* [STORED DATA]
########################################

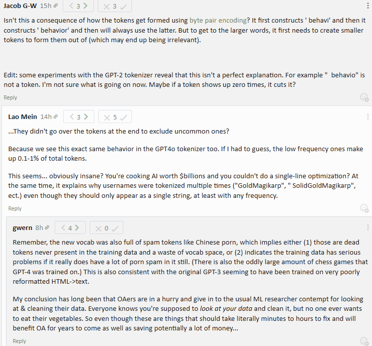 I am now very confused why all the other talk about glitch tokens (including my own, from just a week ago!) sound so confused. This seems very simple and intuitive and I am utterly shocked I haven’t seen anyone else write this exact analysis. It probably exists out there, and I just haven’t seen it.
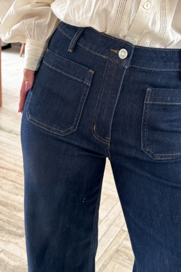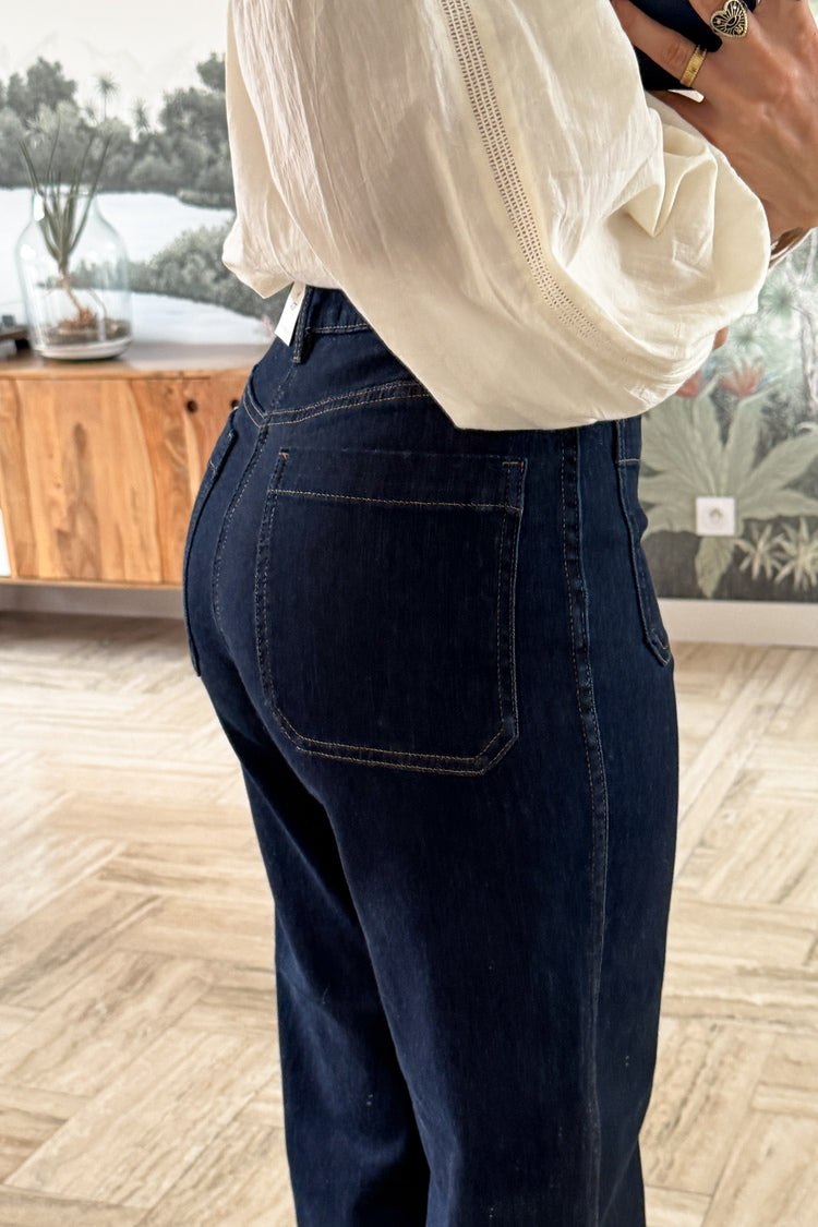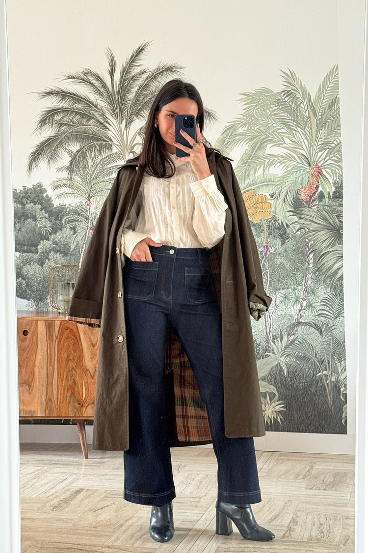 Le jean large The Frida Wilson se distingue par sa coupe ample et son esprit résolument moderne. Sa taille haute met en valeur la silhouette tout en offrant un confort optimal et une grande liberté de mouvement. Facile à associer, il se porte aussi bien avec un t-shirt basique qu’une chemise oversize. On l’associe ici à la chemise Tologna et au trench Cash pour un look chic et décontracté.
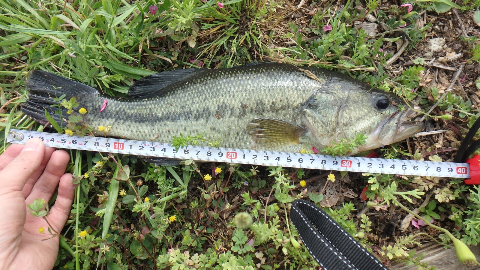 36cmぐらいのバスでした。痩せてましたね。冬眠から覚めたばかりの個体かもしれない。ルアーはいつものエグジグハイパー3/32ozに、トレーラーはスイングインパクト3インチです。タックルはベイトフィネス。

########################################

* [EXERCISE AIM]
Transcribe the whole listing exactly. Pictures stay out of your copy.

* [ANSWER FOR THIS EXERCISE]
 I am now very confused why all the other talk about glitch tokens (including my own, from just a week ago!) sound so confused. This seems very simple and intuitive and I am utterly shocked I haven’t seen anyone else write this exact analysis. It probably exists out there, and I just haven’t seen it.
 Le jean large The Frida Wilson se distingue par sa coupe ample et son esprit résolument moderne. Sa taille haute met en valeur la silhouette tout en offrant un confort optimal et une grande liberté de mouvement. Facile à associer, il se porte aussi bien avec un t-shirt basique qu’une chemise oversize. On l’associe ici à la chemise Tologna et au trench Cash pour un look chic et décontracté.
 36cmぐらいのバスでした。痩せてましたね。冬眠から覚めたばかりの個体かもしれない。ルアーはいつものエグジグハイパー3/32ozに、トレーラーはスイングインパクト3インチです。タックルはベイトフィネス。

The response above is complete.